▶ [Task inputs]:
# # #

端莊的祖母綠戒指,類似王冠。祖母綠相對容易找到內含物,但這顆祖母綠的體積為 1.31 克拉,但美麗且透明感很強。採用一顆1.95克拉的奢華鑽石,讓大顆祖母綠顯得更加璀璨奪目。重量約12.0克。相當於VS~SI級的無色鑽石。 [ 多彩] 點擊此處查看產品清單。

# # #

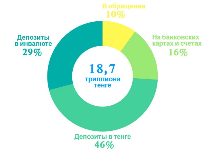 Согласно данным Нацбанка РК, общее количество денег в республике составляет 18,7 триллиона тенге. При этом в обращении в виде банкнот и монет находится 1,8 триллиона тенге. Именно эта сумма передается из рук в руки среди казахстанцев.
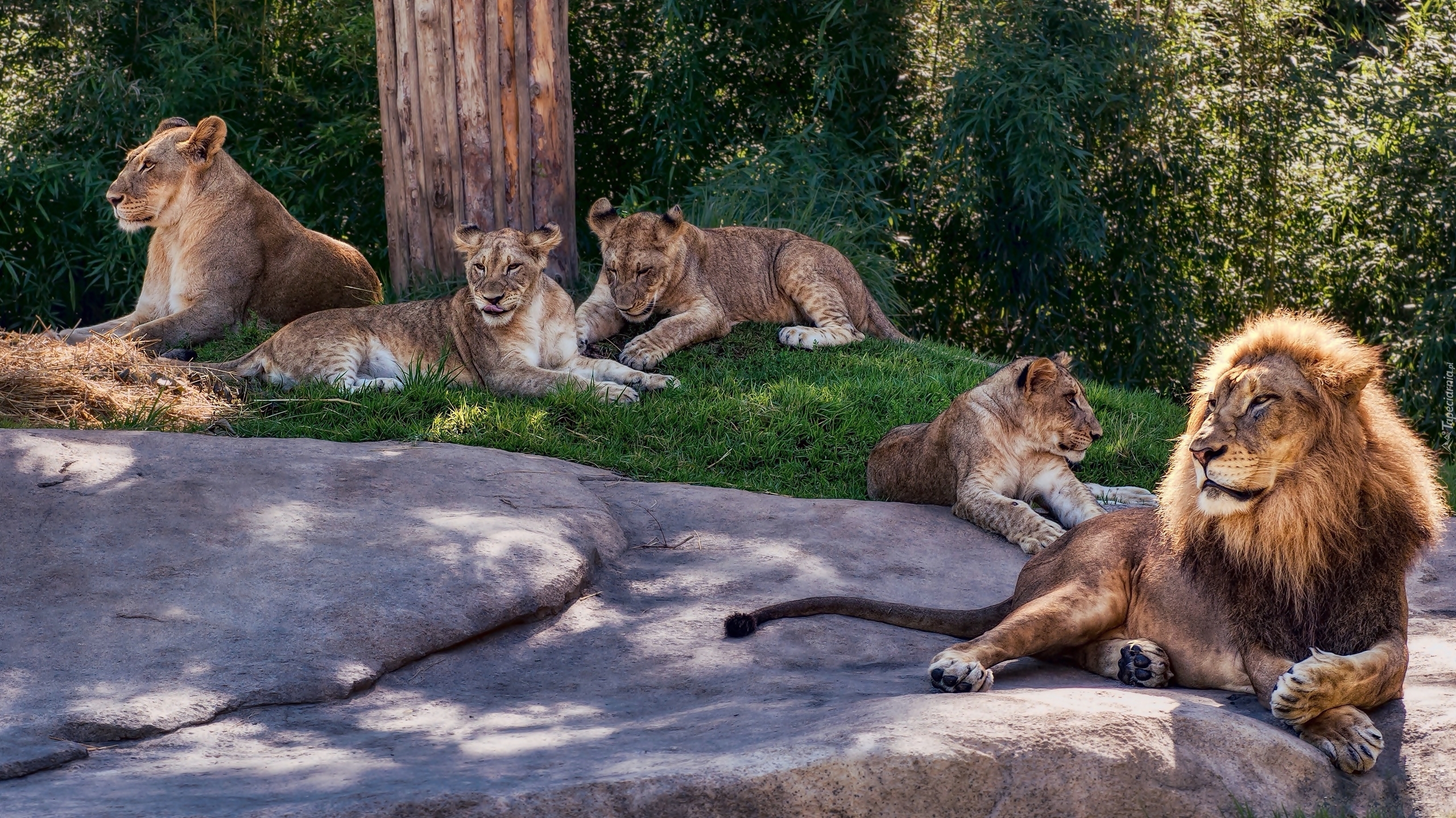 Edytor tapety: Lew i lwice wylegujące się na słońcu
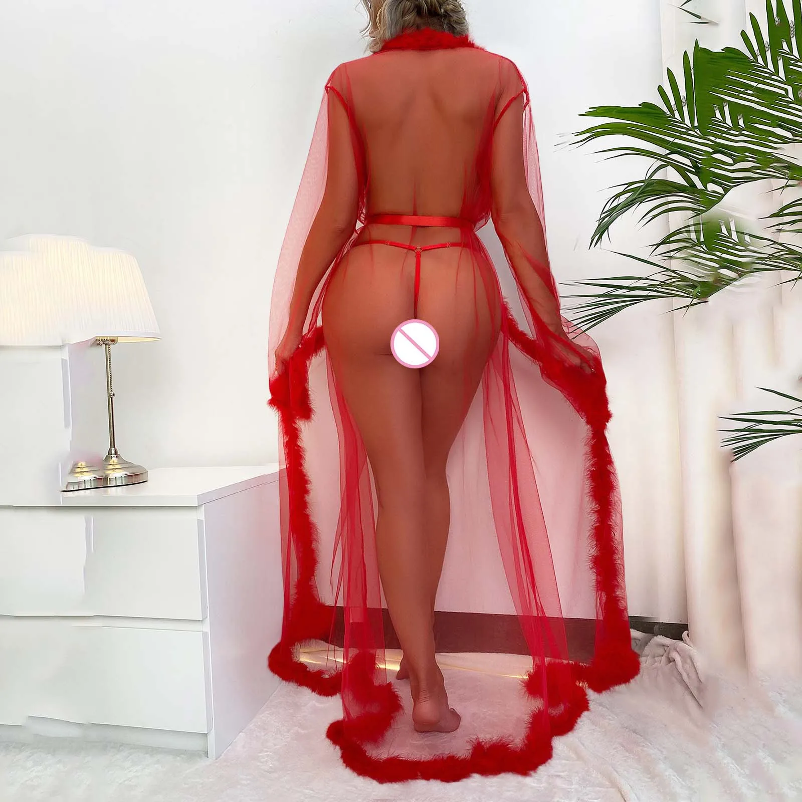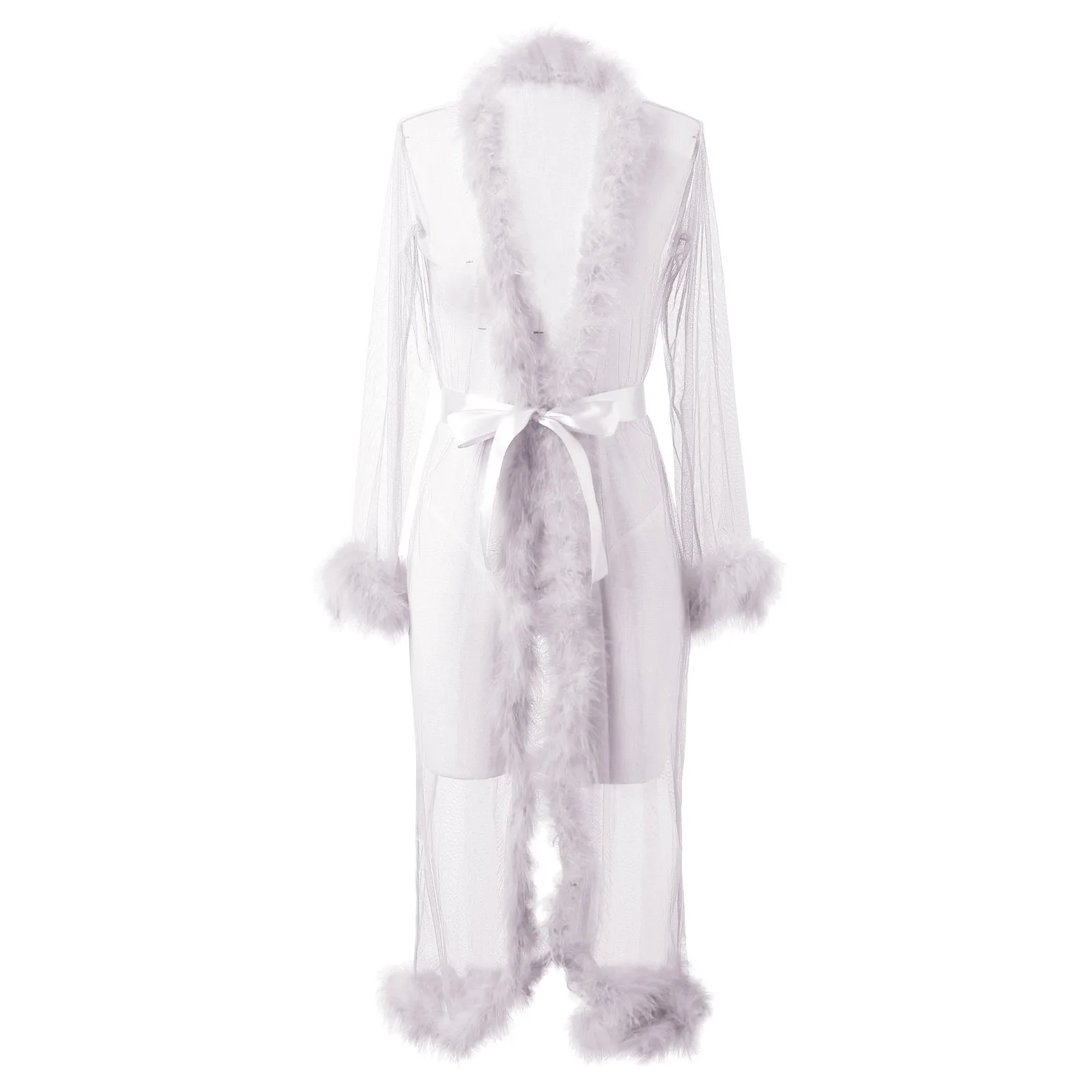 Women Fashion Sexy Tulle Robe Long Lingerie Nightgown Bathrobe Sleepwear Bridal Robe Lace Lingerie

# # #

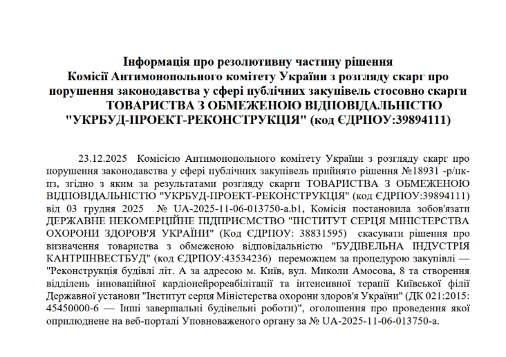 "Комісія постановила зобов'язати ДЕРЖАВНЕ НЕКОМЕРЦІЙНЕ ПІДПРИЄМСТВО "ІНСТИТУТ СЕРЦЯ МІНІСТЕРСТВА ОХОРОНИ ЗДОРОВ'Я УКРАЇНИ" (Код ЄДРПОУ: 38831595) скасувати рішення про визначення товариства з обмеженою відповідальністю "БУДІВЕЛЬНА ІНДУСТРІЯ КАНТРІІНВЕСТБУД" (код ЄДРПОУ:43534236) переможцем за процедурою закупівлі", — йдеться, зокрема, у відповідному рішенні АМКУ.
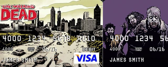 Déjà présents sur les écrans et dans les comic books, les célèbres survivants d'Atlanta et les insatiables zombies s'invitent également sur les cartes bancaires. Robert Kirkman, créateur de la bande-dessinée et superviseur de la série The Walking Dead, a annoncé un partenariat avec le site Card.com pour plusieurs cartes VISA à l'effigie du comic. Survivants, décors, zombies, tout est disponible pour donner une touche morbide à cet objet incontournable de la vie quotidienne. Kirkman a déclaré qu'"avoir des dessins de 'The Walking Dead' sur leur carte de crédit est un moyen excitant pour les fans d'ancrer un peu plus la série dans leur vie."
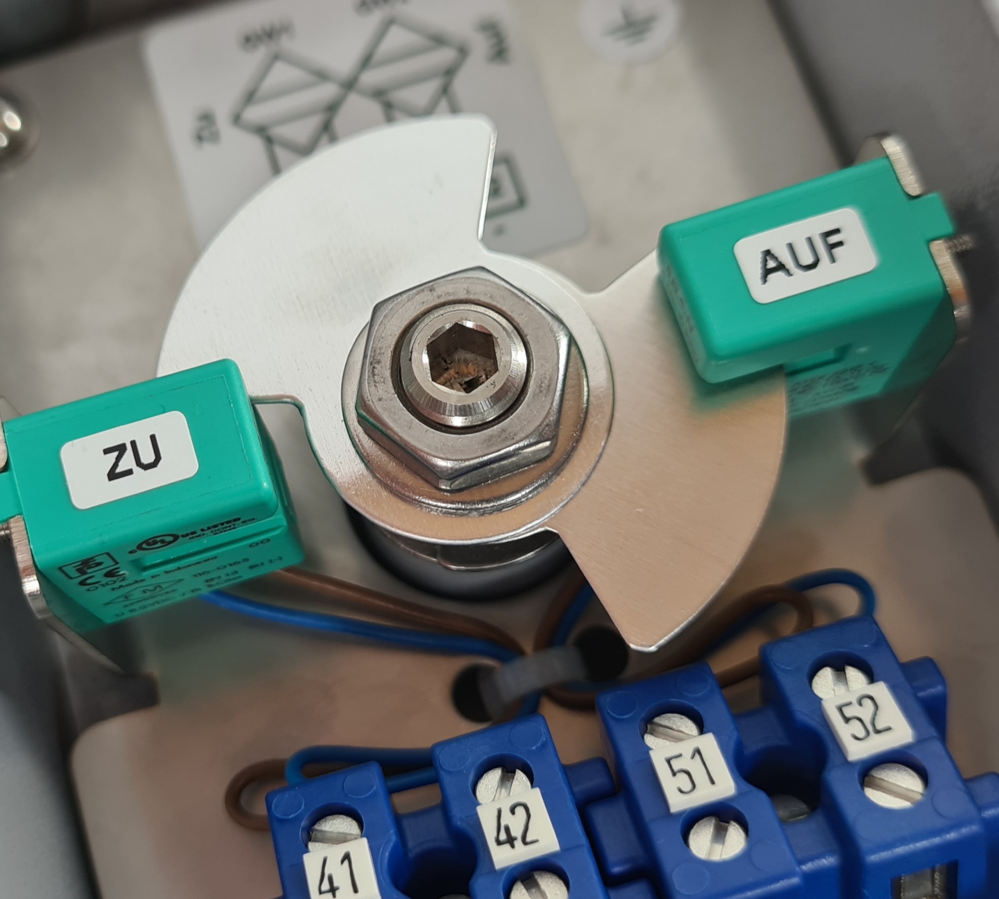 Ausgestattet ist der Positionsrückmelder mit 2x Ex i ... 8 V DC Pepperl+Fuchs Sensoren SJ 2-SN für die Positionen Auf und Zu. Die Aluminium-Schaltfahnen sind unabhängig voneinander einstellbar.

# # #

The answer must be the part of the records that opens with the line containing "Déjà présents sur" and closes with the line containing "Ausgestattet ist der", reproduced exactly, with no pictures.

 Déjà présents sur les écrans et dans les comic books, les célèbres survivants d'Atlanta et les insatiables zombies s'invitent également sur les cartes bancaires. Robert Kirkman, créateur de la bande-dessinée et superviseur de la série The Walking Dead, a annoncé un partenariat avec le site Card.com pour plusieurs cartes VISA à l'effigie du comic. Survivants, décors, zombies, tout est disponible pour donner une touche morbide à cet objet incontournable de la vie quotidienne. Kirkman a déclaré qu'"avoir des dessins de 'The Walking Dead' sur leur carte de crédit est un moyen excitant pour les fans d'ancrer un peu plus la série dans leur vie."
 Ausgestattet ist der Positionsrückmelder mit 2x Ex i ... 8 V DC Pepperl+Fuchs Sensoren SJ 2-SN für die Positionen Auf und Zu. Die Aluminium-Schaltfahnen sind unabhängig voneinander einstellbar.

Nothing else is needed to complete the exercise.